# Entries taken from a collection
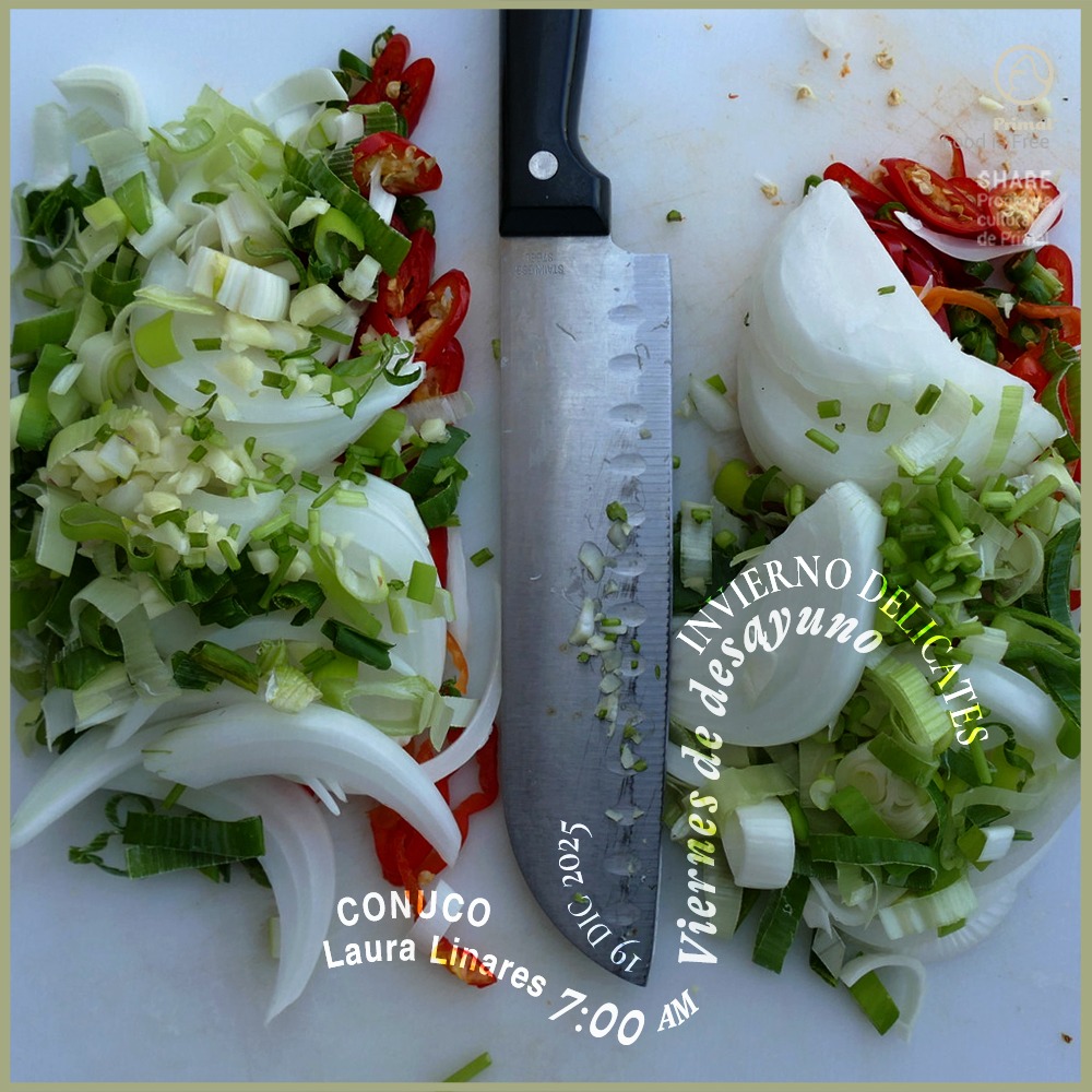 La temperatura invernal de la Ciudad de México a las 7:00 AM nos invita a una experiencia única. A lo largo de la primavera, verano y otoño de este año, hemos dado vida a un simulador de paisaje andino, evocando los saberes de la región de Táchira, Venezuela a través de recetas. La estancia de Laura Linares en VDD ha intensificado los espacios del estudio de Primal, para imaginar un laboratorio que recrea y honra las recetas propuestas. A través de su proyecto Conuco* ha investigado y recolectado de la memoria de sus familiares y amigos una documentación de gran significado y valor no sólo para su propia cultura, sino observar una auténtica genealogía latinoamericanista. Vemos cómo las siembras previas de Lucía Álvarez** y el aprendizaje sobre la masa madre junto a Violeta Celis*** cuidaron y crearon las condiciones necesarias de la tierra para recibir plántulas de cebolla que Laura trajo a inicios de 2025, acrecentando una Genealogía del cuidado y la abundancia para Viernes de Desayuno.
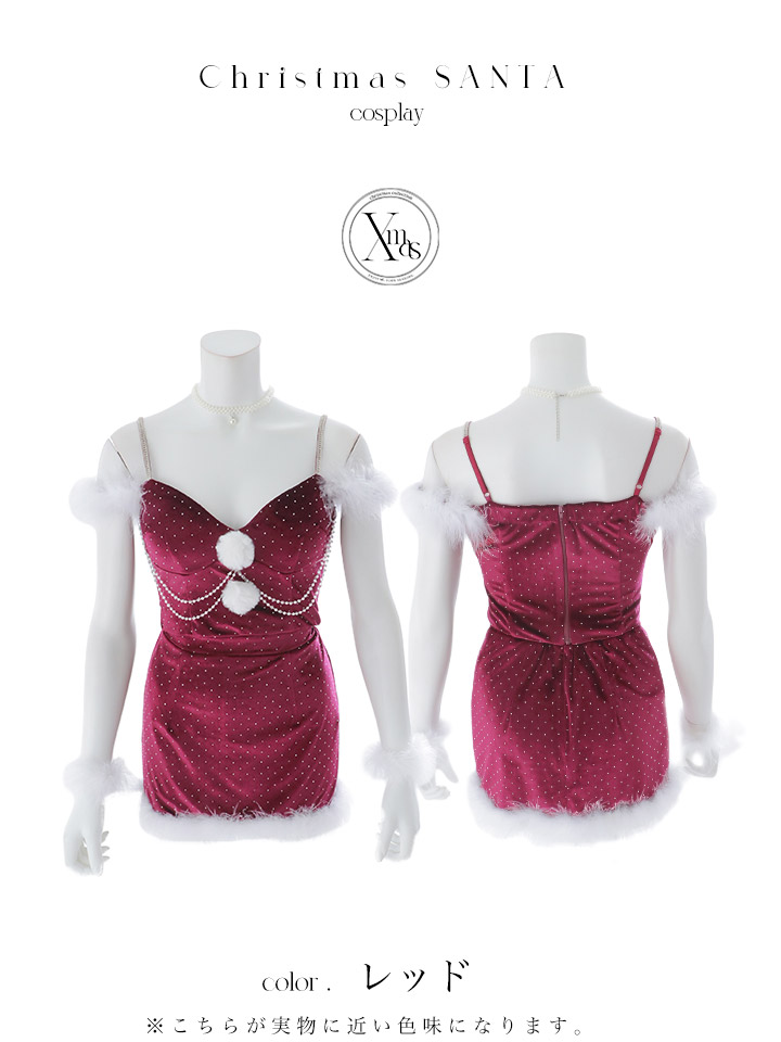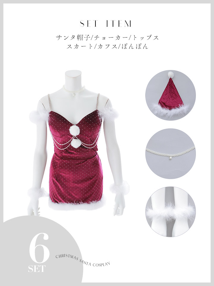- > 【即日発送】【サンタ】 ベロアストーンビジューチェーンセットアップサンタコスプレ【コスプレ6点セット】【XS-Mサイズ/2カラー】[HC03]
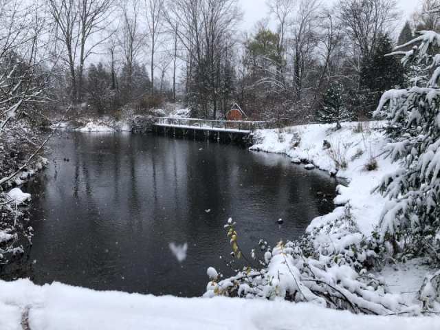 Meadowbrook Pond has a bridge and walkways for viewing the water. Photo by Michelle Lindsey via the Facebook page of Friends of Meadowbrook Pond, December 2021.
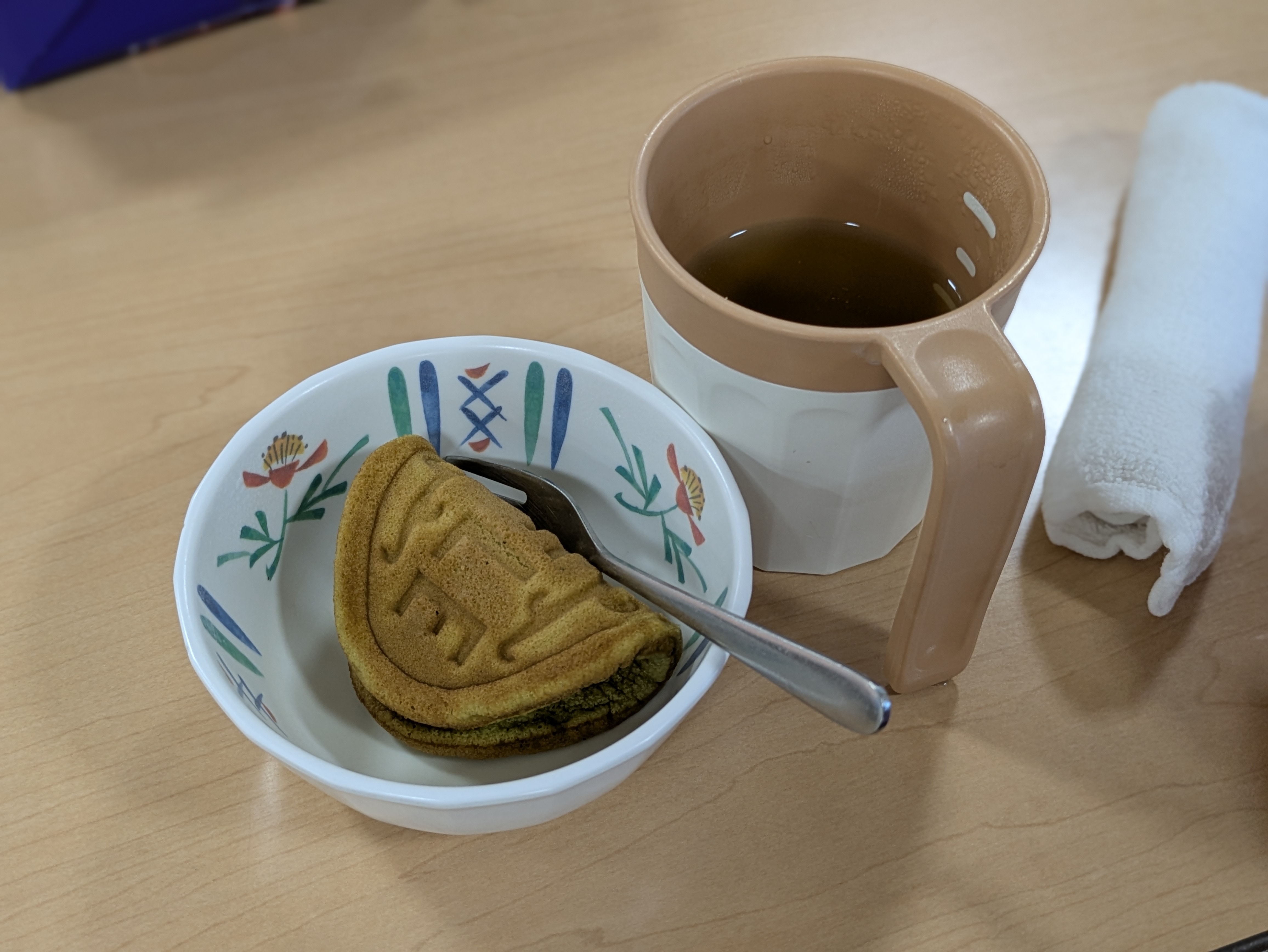 お飲み物は、コーヒー、紅茶、お茶から選んでいただき、身体を休めながら、ほんのり甘いおやつで1日の疲れを癒します。
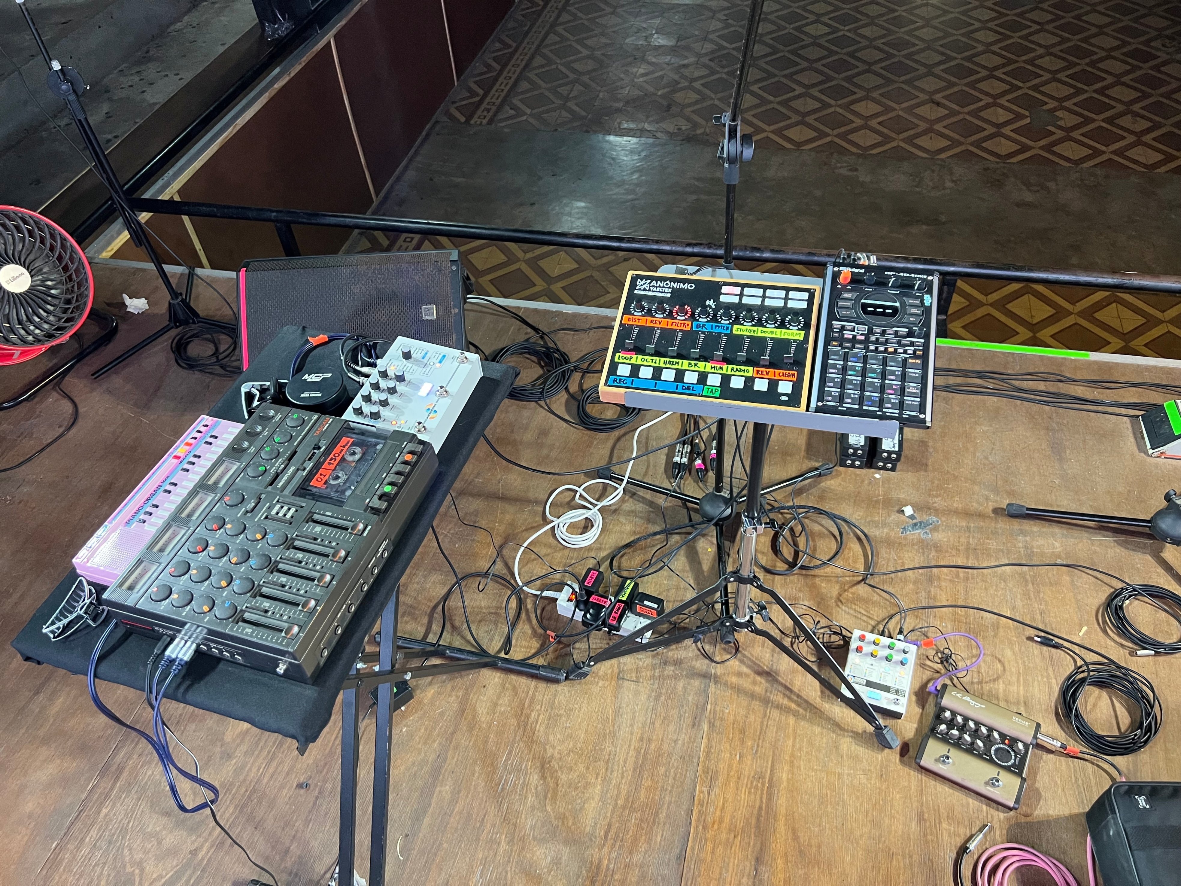 Juana Aguirre’s stage station includes a four track cassette player and custom made vocal processing controller
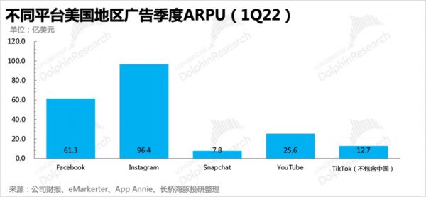 对比平台的单用户价值,从2016年前后正式开启商业化的Snapchat,商业变现能力是显著偏低的,或者说它的商业价值潜质离榨干还早。如果没有苹果ATT、没有TikTok,宏观环境不佳带来的压力,我们可以很自信的说这只是暂时性的摩擦,并且是整体行业都存在的逆风,周期过了收入就会回来。
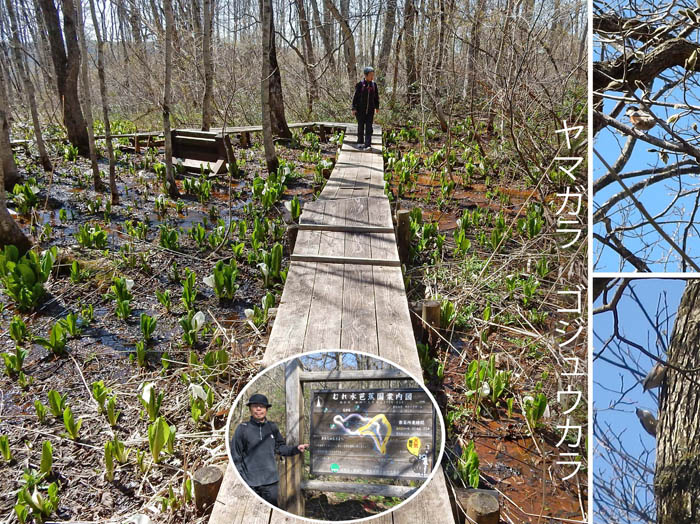 この静けさと水芭蕉の美しさを見せたいと、翌2017年やってきた友人を案内したら、観光バスが停まっていて驚いた。ツアーの人たちは次々とバスに乗るところだったので、私たちが園内に入る時にはバスは出発して行った。幸い静かになった森を楽しむことができたが、地元の人が出店を出していて、数台停まっていた車は遠方からのものも多かった。
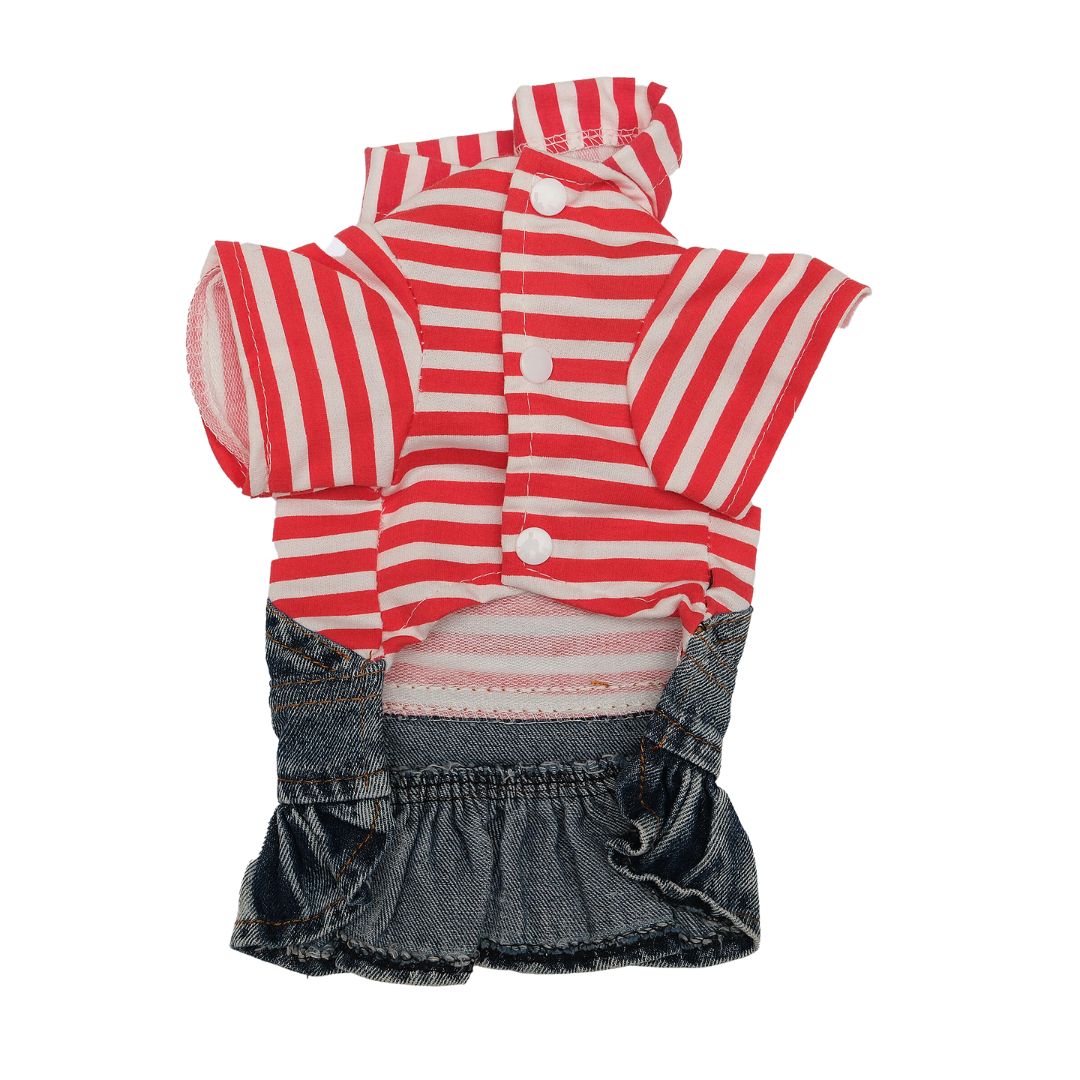 Red stripe denim dress

# About this exercise
All the records above must be retyped exactly, except for their pictures.

# Problem solution
 La temperatura invernal de la Ciudad de México a las 7:00 AM nos invita a una experiencia única. A lo largo de la primavera, verano y otoño de este año, hemos dado vida a un simulador de paisaje andino, evocando los saberes de la región de Táchira, Venezuela a través de recetas. La estancia de Laura Linares en VDD ha intensificado los espacios del estudio de Primal, para imaginar un laboratorio que recrea y honra las recetas propuestas. A través de su proyecto Conuco* ha investigado y recolectado de la memoria de sus familiares y amigos una documentación de gran significado y valor no sólo para su propia cultura, sino observar una auténtica genealogía latinoamericanista. Vemos cómo las siembras previas de Lucía Álvarez** y el aprendizaje sobre la masa madre junto a Violeta Celis*** cuidaron y crearon las condiciones necesarias de la tierra para recibir plántulas de cebolla que Laura trajo a inicios de 2025, acrecentando una Genealogía del cuidado y la abundancia para Viernes de Desayuno.
- > 【即日発送】【サンタ】 ベロアストーンビジューチェーンセットアップサンタコスプレ【コスプレ6点セット】【XS-Mサイズ/2カラー】[HC03]
 Meadowbrook Pond has a bridge and walkways for viewing the water. Photo by Michelle Lindsey via the Facebook page of Friends of Meadowbrook Pond, December 2021.
 お飲み物は、コーヒー、紅茶、お茶から選んでいただき、身体を休めながら、ほんのり甘いおやつで1日の疲れを癒します。
 Juana Aguirre’s stage station includes a four track cassette player and custom made vocal processing controller
 对比平台的单用户价值,从2016年前后正式开启商业化的Snapchat,商业变现能力是显著偏低的,或者说它的商业价值潜质离榨干还早。如果没有苹果ATT、没有TikTok,宏观环境不佳带来的压力,我们可以很自信的说这只是暂时性的摩擦,并且是整体行业都存在的逆风,周期过了收入就会回来。
 この静けさと水芭蕉の美しさを見せたいと、翌2017年やってきた友人を案内したら、観光バスが停まっていて驚いた。ツアーの人たちは次々とバスに乗るところだったので、私たちが園内に入る時にはバスは出発して行った。幸い静かになった森を楽しむことができたが、地元の人が出店を出していて、数台停まっていた車は遠方からのものも多かった。
 Red stripe denim dress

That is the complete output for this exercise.